To create plasmonic waveguides with record characteristics, ultrathin (10–12 nm – less than a hundred atomic layers) continuous gold films without defects were used. The second component of success is our own know-how of waveguide fabrication, including a complex multistage process of plasma-chemical etching, optimized for each stage of the formation of a three-layer thin-film structure Al2O3 / Au / Al2O3.

“Etching a stack of gold with aluminum oxide is an extremely complex process that almost always leads to the complete degradation of the optical properties of ultrathin gold films. Our guys managed to develop a non-trivial etching technology, which not only ensures the formation of high-quality nanostructures, but also makes it possible to achieve optical and plasmon properties higher than the level of the world’s best samples. I hope that the technological know-how of MSTU and VNIIA will become a driver for the development of this promising field of nanophotonics, ”said Ilya Rodionov, Director of the Functional Micro- / Nanosystems REC.
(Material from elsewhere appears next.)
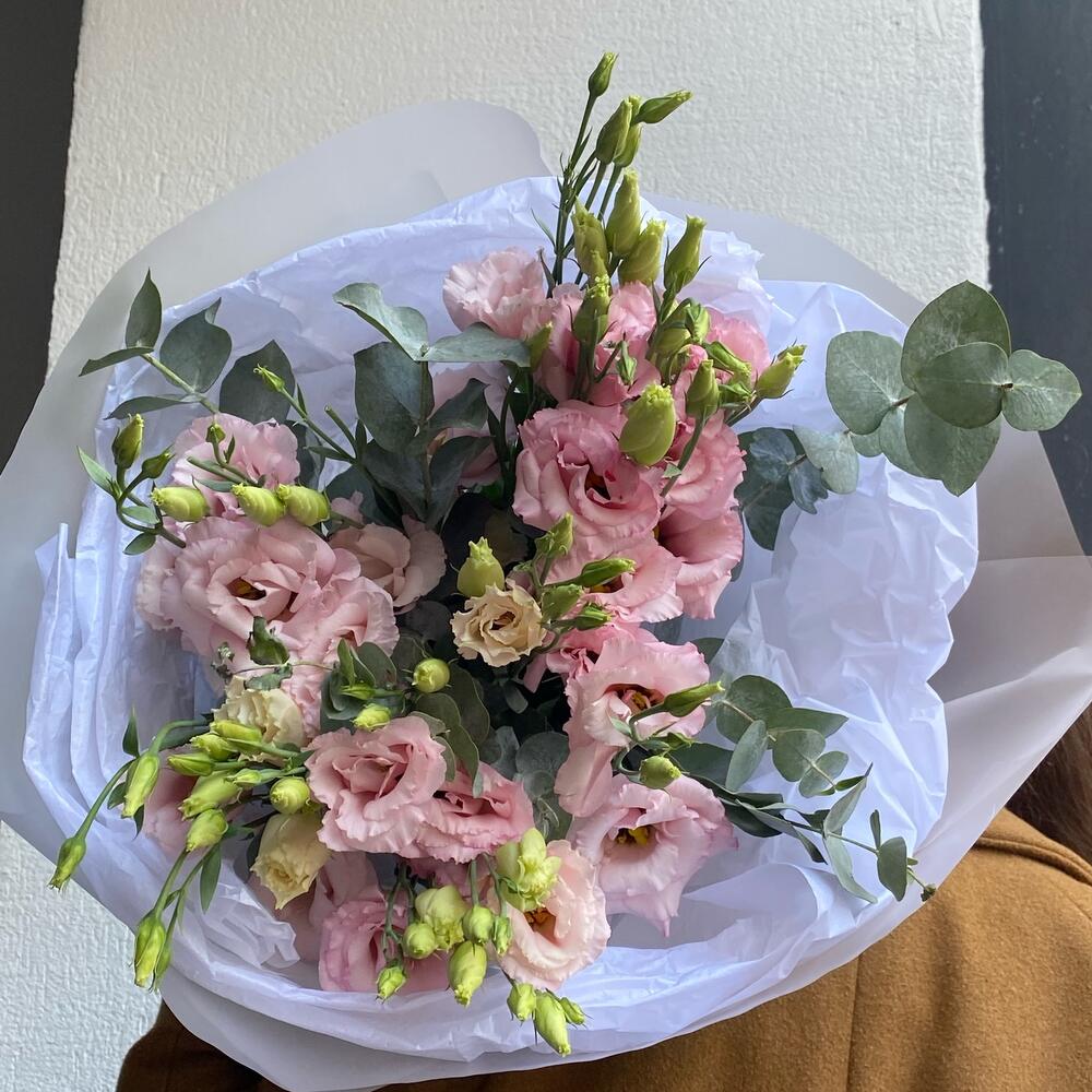 Лизиантус махровый розовый – 7 шт.Эвкалипт – 2 шт.Тишью – 2 шт.Упаковка дизайнерская – 4 шт.лента атласная брендированная красная – 1 шт.
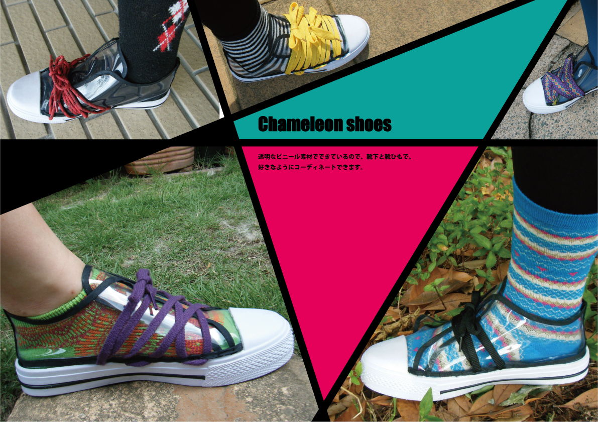 靴ひもと靴下の組み合わせを楽しむビニール地でできた靴。

“The developed technological know-how is already used in the creation of ultrasensitive optical gas sensors (for more details, see the publication Optical Properties of Tungsten Trioxide, Palladium, and Platinum Thin Films for Functional Nanostructures Engineering in Optics Materials Express), and the demonstrated waveguide designs due to their miniature , supersensitivity and convenience of excitation / detection of plasmon waves have competitive advantages for the development of laboratory elements on a chip, ”said Alexander Baryshev.

Использованы материалы статьи:«Quarter-Millimeter Propagating Plasmons in Thin-Gold-Film-Based Waveguides for Visible Spectral Range»; Vladimir V. Kornienko; Alina А. Dobronosova; Anton I. Ignatov; Michail Andronik; Ilya A. RodionovAlexey N. Shaimanov, Nikita S. Smirnov, Georgy M. Yankovskii, Alexander V. Baryshev, Alexander M. Merzlikin; журнал IEEE Xplore, Journal of Lightwave Technology, июль 2021 г.